How to stop being afraid and fall in love with syntactic analysis?

As often when programming another business feature, you caught yourself thinking: there are people on Earth who write databases, recognize faces in photos, make frameworks and implement interesting algorithms. Why in my work it all comes down to shifting from one database table to another, calling http-services, html-form layout and other “business noodles”? Maybe I'm doing something wrong or working in the wrong company?

The good news is that interesting challenges surround us everywhere. Strong desire and courage work wonders on the way to the goal - a task of any scale will be up to you, if you just start doing it.

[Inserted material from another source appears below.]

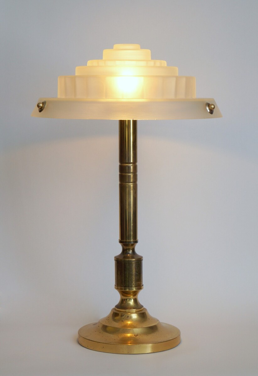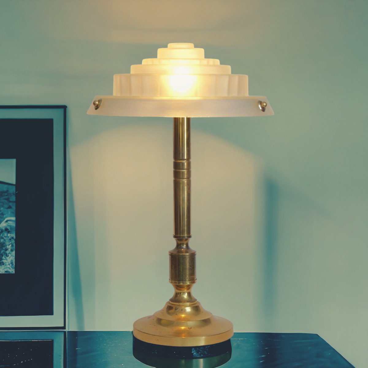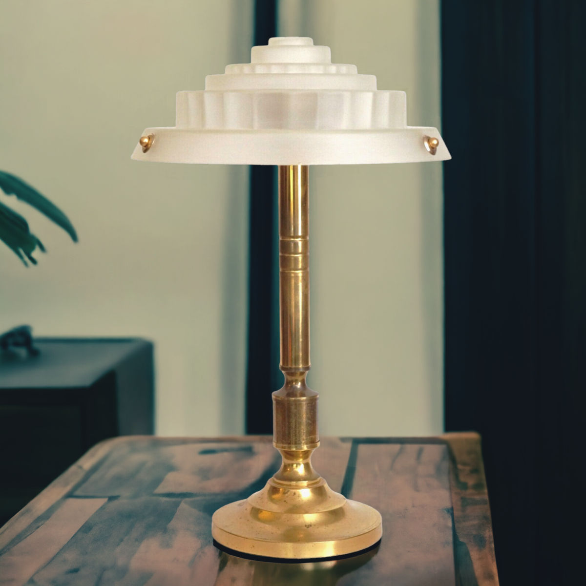 Single piece Art Deco desk lamp "Golden Stairs" unique brass lamp

Recently we have written the 1C query language parser and its translator into plain SQL. This allowed us to fulfill requests to 1C without the participation of 1C :) The minimum working version on regexp-ah turned out for two weeks. Another month went to a full-fledged parser through grammars, digging out the nuances of the database structure of different 1C objects and implementing specific operators and functions. As a result, the solution supports almost all language constructs, the source code is uploaded to GitHub .
')
Under the cut, we will tell you why we needed it, how we did it, and also touch on some interesting technical details.

How did it all start?

We work in a large accounting company Button . We have 1005 clients serviced, 75 accountants and 11 developers work. Our accountants keep records of thousands of client bases in 1C: Accounting . To manage databases, we use the cloud technology 1cFresh, the data for it is stored in PostgreSQL.

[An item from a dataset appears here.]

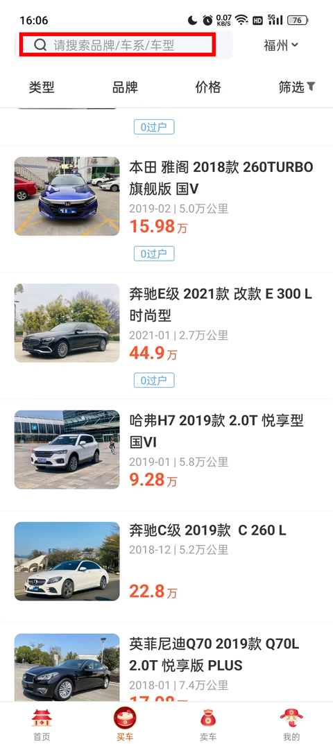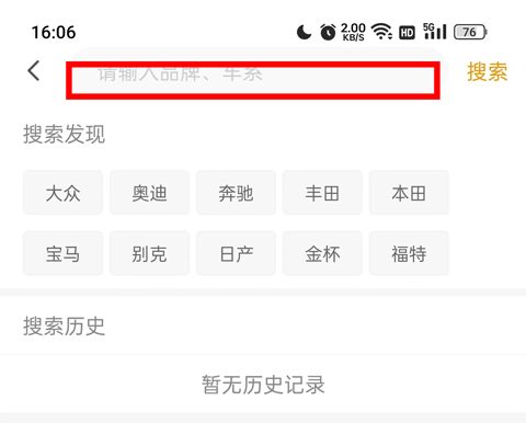 3、进入到这个页面之后,你可以点击上方的搜索栏,然后输入自己想买车辆的名字;

The most difficult stage in the work of an accountant is reporting. It would seem that 1C can prepare any reporting, but for this it needs the current state of the database. Someone must enter all primary documents into the system, import a bank statement, create and carry out the necessary accounting documents. At the same time, the deadlines for submitting reports in our beloved state are strictly limited, so accountants usually live from one sleepless time trouble to another.

We thought: how can accountants make their lives easier?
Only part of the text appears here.